Class | Reporting date | Claim amount | Settlement date |
---|---|---|---|
Property | 2015-10-17 | 188507674 | 2015-11-14 |
Accident | 2017-10-13 | 47539399 | 2017-10-20 |
Liability | 2016-02-03 | 217644779 | 2016-02-03 |
Liability | 2012-08-10 | 128384544 | 2012-08-18 |
Liability | 2012-05-25 | 124317697 | 2012-05-27 |
Liability | 2018-04-18 | 87314327 | 2018-06-01 |
Introduction
Insurance companies are financial institutions that mitigates risk by providing protection against potential losses or damages. Policyholders pay regular premiums to an insurance company in exchange for coverage. In the event of a covered incident, they can file claims to receive compensation.
This article will focus on insurance claims experience data, from a portfolio of insurance claims.
In trying to understand a portfolio of insurance claims, we are concerned with two variables: the claims frequency, and claims severity.
Claim frequency: Number of expected or actual claims which occur in a given time period.
Claim severity: This refers to the financial cost of a claim.
The data is obtained with permission from a liability insurance company in Kenya, and a glimpse of the data is shown below:
Claim frequency
In total, we have 23,057 claims. The reporting date ranges from January 2005 to 2020 December. The distribution of policy classes and a smoothed time series of monthly aggregated counts for the various policy types is shown below:
The liability claims take a larger share of the portfolio, followed by property, and accident takes the smallest share of the portfolio. There was a sharp spike in claims frequency during the period mid-2012 in liability claims, and the general trend post 2015 is a declining one in all policy types.
Claim severity
The claim severity distribution for the three insurance classes is shown below. Due to the highly skewed nature of the data (minimum claim: 1030, maximum claim: 21 million), a log transformation is appropriate for visualization clarity.
The accident claims have the lowest average claim amounts, while the liability claims have the highest average amounts. Overall, there is a significant overlap among the claim amounts of the three classes. The data are highly skewed and heavy tailed, with the summary statistics shown below:
Class | Data | Mean | Variance | Skewness | Kurtosis |
---|---|---|---|---|---|
Accident | Severity | 495483 | 5.152381e+12 | 11 | 152 |
Accident | Log severity | 11 | 4.000000e+00 | 1 | 3 |
Liability | Severity | 518609 | 8.383795e+12 | 42 | 2417 |
Liability | Log severity | 12 | 2.000000e+00 | 0 | 4 |
Property | Severity | 644126 | 2.519351e+13 | 27 | 856 |
Property | Log severity | 12 | 2.000000e+00 | 0 | 4 |
The liability data has the highest skewness and kurtosis, followed by property and finally accident claims. Property claims have the highest mean and variance among the three classes.

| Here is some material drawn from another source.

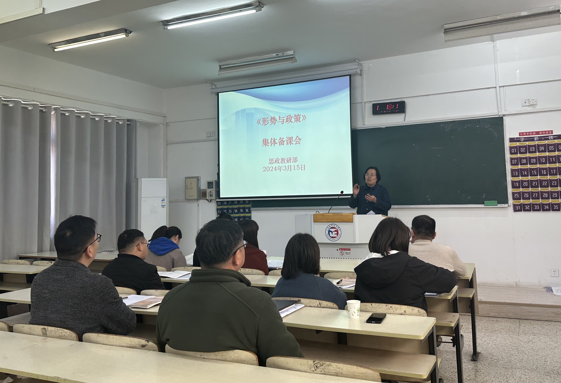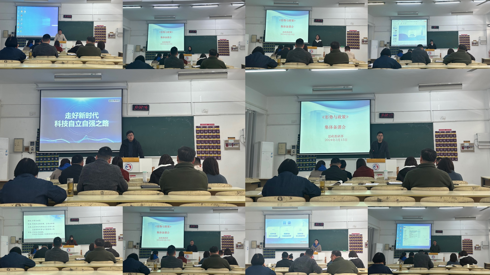 为贯彻落实麻豆传媒-麻豆视频-麻豆性爱 部对高校大麻豆传媒 课程的教学要求,进一步加强课程团队建设,保障本学期教学工作的顺利开展,麻豆传媒 于3月15日在2206教室开展《形势与政策》集体备课会。副院长江爱华、思政教研部副主任(主持工作)李颖、思政名师工作室苗秀娟教授、彭爱华教授及思政教研部全体教师进行现场观摩与指导。

The log-transformation has effectively reduced the skewness and kurtosis of the data, making it simpler.
The correlation matrix of the aggregated data are shown below:
There is a high correlation between the claim frequency and severity in liability insurance, as compared to accident and property insurance. There is also a higher correlation between the aggregate claim frequency and time in liability insurance as compared to the rest suggesting that claim frequency in liability insurance has been increasing with time.
Modelling
We aim to model the aggregated frequency at the monthly level and the aggregated claim severity at the monthly level. Typical analyses often seperate the modelling of frequency from severity, however in this analysis, we aim to use multi-variate modelling to model both simultaneously.
Since the claim frequencies are count data, then an appropriate statistical distribution should have the poperty that: it is a discrete distribution, has positive skewness. Such distributions include count distributions such as the Poisson distribution and the negative binomial distribution.
For claim severity modelling, the distributions appropriate for analysis are those which: have high skewness, support is the positive real line, have heavy tails. Examples of distributions for such include: Log-normal distribution, Pareto distribution and other heavy tailed distributions such as the Burr distribution.
For a start, we fit a multivariate model on the data, where the claim frequency is modelled as a poisson random variable, while the log-claim severity is modelled as a normal random variable. The model fitted is an intercept only model.